Call Girls in South Ex (delhi) call me [🔝9953056974🔝] escort service 24X7
WaveNet.pdf
1. Automatic Music Generation
using WaveNet
Presenter : 何冠勳 61047017s
Date : 2022/01/11
Authors: Google DeepMind, Aräon van den Oord et al.
Published in arXiv:1609.03499 [cs.SD]
4. What is WaveNet?
◉ WaveNet is a Deep Learning-based generative model for raw audio developed by Google
DeepMind.
◉ The main objective of WaveNet is to generate new samples from the original distribution of
the data. Hence, it is known as a Generative Model.
“Wavenet is like a language model from NLP.”
◉ In a language model, given a sequence of words, the model tries to predict the next word.
Similar to a language model, in WaveNet, given a sequence of samples, it tries to predict the
next sample.
,where input: {x1 , . . . , xt-1} time series data, output: xt
4
5. Contributions
◉ They show that WaveNets can generate raw speech signals with subjective naturalness
never before reported in the field of text-to-speech (TTS), as assessed by human raters.
◉ In order to deal with long-range temporal dependencies needed for raw audio generation,
they develop new architectures based on dilated causal convolutions, which exhibit very
large receptive fields.
◉ They show that when conditioned on a speaker identity, a single model can be used to
generate different voices.
◉ The same architecture shows strong results when tested on a small speech recognition
dataset, and is promising when used to generate other audio modalities such as music.
5
6. “
“WaveNets provide a generic and flexible
framework for tackling many
applications that rely on audio
generation such as TTS, music, speech
enhancement, and so on.”
6
8. Architecture
8
There are four mechanisms in WaveNet:
Causal dilated convolutions, Gated activation function, Residual and Skip connection.
9. Dilated?
9
Normal convolution Dilated convolution
◉ Enable networks to consider context not just
only in the neighborhood.
◉ Preserves the input resolution throughout the
network.
◉ Exponentially increase the dilation factor results
in exponential receptive field growth with
depth.
10. Causal dilated convolutions
◉ Causal, i.e. prediction p(xt+1|x1, . . . , xt) does not depend on future timesteps xt+1, . . . , xT .
◉ Filter is applied over an area larger than its length by skipping input values with a certain step
○ Allows network to operate on a coarser scale than with a normal convolution, but more efficient
○ A form of “dimensionality reduction” similar to pooling
◉ Stacked dilated convolutions enable very large receptive fields with few layers.
“The receptive field, or sensory space, is a delimited medium where some physiological stimuli
can evoke a sensory neuronal response in specific organisms.”
10
12. Causal dilated convolutions
◉ Implemented in TensorFlow as tf.nn.atrous_conv2d. (Name comes from “à trous” in French, i.e.
“with holes”.)
◉ Paper uses exponentially doubling dilations up to a limit, and then repeated:
1, 2, 4, ..., 512, 1, 2, 4, ..., 512, 1, 2, 4, ..., 512.
◉ Each 1,2,4, ..., 512 block has a receptive field of size 1024, a more efficient counterpart of 1 × 1024
convolution.
◉ Stacking these units further increases model expressivity.
12
13. Gated activation units
13
Gated Activation Unit
◉ Gated activation units, same as used in gated PixelCNN
∗: convolution; ⊙: element-wise multiplication
σ: sigmoid function
k: layer index; f: filter; g: gate
W : convolution filter
◉ Empirically found to outperform ReLUs.
14. Residual?
◉ In traditional neural networks, each layer feeds into the next layer.

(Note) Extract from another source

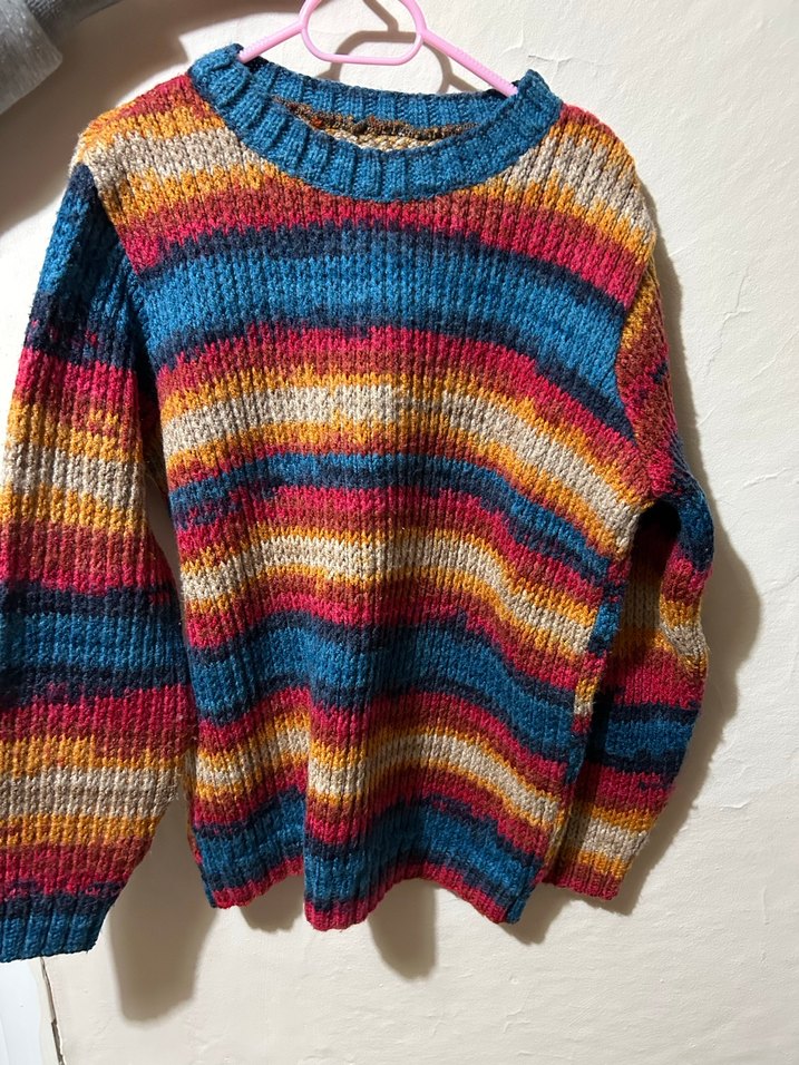 Renkli örgü kadın kazak, yuvarlak yaka ve uzun kolludur. Salaş kesimi ve rahat bohem tarzıyla günlük kullanıma uygundur. El örgüsüdür 36-38 beden uyumludur

In a network with residual
blocks, each layer feeds into the next layer and directly into the layers about 2–3 hops away.
14
Optimizing the residual F(x) := H(x) − x is more tractable for
deeper networks.
15. Residual & Skip connections
◉ Both residual and parameterised skip connections are used throughout the network, to speed up
convergence and enable training of much deeper models.
15
17. Data preprocessing
◉ Input and output are sequence of one-hot vectors, not scalers.
,where input: {x1 , . . . , xt-1} time series data, output: xt
◉ Original case
○ Audio data is a sequence of 16-bit int, range of 16-bit int is [-32768, 32767]
○ Dimension of the softmax layer will be 65,536
◉ They used μ-law algorithm to decrease the output size of the softmax layer.
17
18. Mu-law algorithm
[-32768, 32767] (16-bit int)
↓
[0, 255] (8-bit int)
↓
[0, 255] (8-bit int)
↓
[-32768, 32767] (16-bit int)
18
Mu-law encoding
Mu-law decoding
Model generating
◉ They used μ-law algorithm to decrease the
output size of the softmax layer.
,where μ = 255
◉ The vector size:
20. Paper experiments
◉ Datasets
○ MagnaTagATune dataset — 200 hours of audio, annotated with tags describing genre,
instrumentation, tempo, volume, mood
○ YouTube piano dataset — 60 hours of solo piano music (easier to model, since
constrained to a single instrument)
◉ Enlarging receptive field was crucial to obtain samples that sound musical.
◉ Nevertheless, the samples were often harmonic and aesthetically pleasing, even when
produced by unconditional models.
◉ Some clips:
20
22. Inference experiments
◉ As the paper doesn’t come along with official code, I instead use source code from here.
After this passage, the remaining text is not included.